- Type: Stealthy stand-off precision weapon
- Place of origin: United States

Service history
- In service: did not enter service

Production history
- Manufacturer: Northrop

Specifications
- Mass: 2,000 lb (910 kg)
- Length: 168 in (4,300 mm)
- Wingspan: 100 in (2,500 mm)
- Engine: Williams F122-WR-100 turbofan
- Operational range: 100 nmi (120 mi; 190 km)+
- Guidance system: INS With GPS updates Infrared terminal guidance
- Launch platform: Proposed B-52H B-1B B-2A F-16C/D A-6E F/A-18C/D

= AGM-137 TSSAM =

Canceled American cruise missile

The Northrop AGM-137 TSSAM (Tri-Service Standoff Attack Missile) was a standoff cruise missile developed for the three branches of the United States Armed Forces, hence "tri-service". Missile development began in 1986 but revelation of cost-overruns in 1991 prompted the Army to pull out of the project and an investigation of the procurement process by the General Accounting Office (GAO, now referred to as the Government Accountability Office). The TSSAM program was eventually cancelled in December 1994 pursuant to a GAO recommendation and the loss of support of the United States Army after going as far as several test launches.

==Development==

The United States Air Force began developing the Tri-Service Standoff Attack Missile (TSSAM) in 1986; the intent was to produce a family of stealthy missiles for the U.S. Air Force, Navy and United States Army which would be capable of long range, autonomous guidance, automatic target recognition, and sufficient accuracy and warhead power to be capable of destroying well-protected structures either on land or at sea.

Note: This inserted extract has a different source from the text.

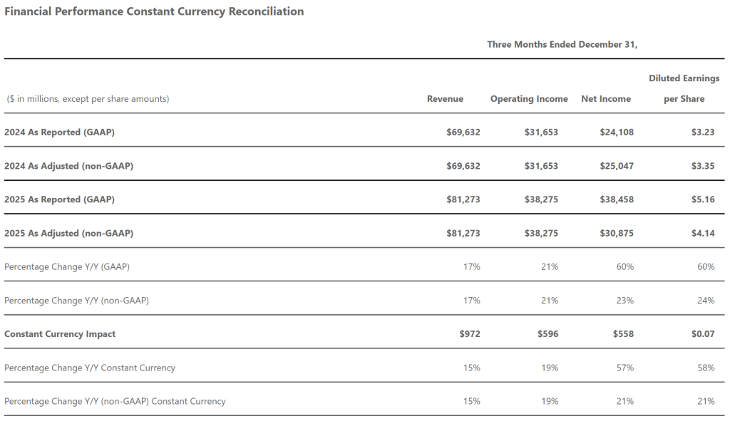 財(cái)報(bào)還顯示,在該財(cái)季,對(duì)OpenAI的投資使微軟的凈利潤(rùn)增加76億美元、EPS提升1.02美元;而在2025財(cái)年第二季度,該投資導(dǎo)致公司凈利潤(rùn)減少9.39億美元、EPS下降0.12美元。

All versions of the missile would use inertial navigation aided by Global Positioning System (GPS). The Navy and one Air Force version were to use an imaging infrared homing terminal sensor to recognize the target and terminal homing, and would be fitted with a unitary warhead. A second version Army missile would be launched by two booster rockets and carry the Combined Effects Bomblet (CEB) submunition against land targets.

It was planned to carry the missile on the B-52H, F-16C/D, B-1, B-2, A-6E, and F/A-18C/D; the Army version was to be launched from the MLRS (Multiple Launch Rocket System) vehicle.

In 1991 the previously black budget figures for TSSAM were revealed, showing a roughly 6 billion dollar cost overrun over the original contract price. This prompted a GAO investigation into the procurement process which resulted in the recommendation that the project be cancelled.

The project suffered from budgetary problems, some related to the distribution of the budget between the three services. This resulted in funding shortfalls and delays. The missiles also suffered from technical development issues, pushing the unit cost from the original 1986 figure of $728,000 per missile to $2,062,000 in 1994. The project which was intended to be used by all three services (hence, Tri-service), lost Army support in 1993 and was canceled as a result. Technology developed for the TSSAM was used in the JASSM program.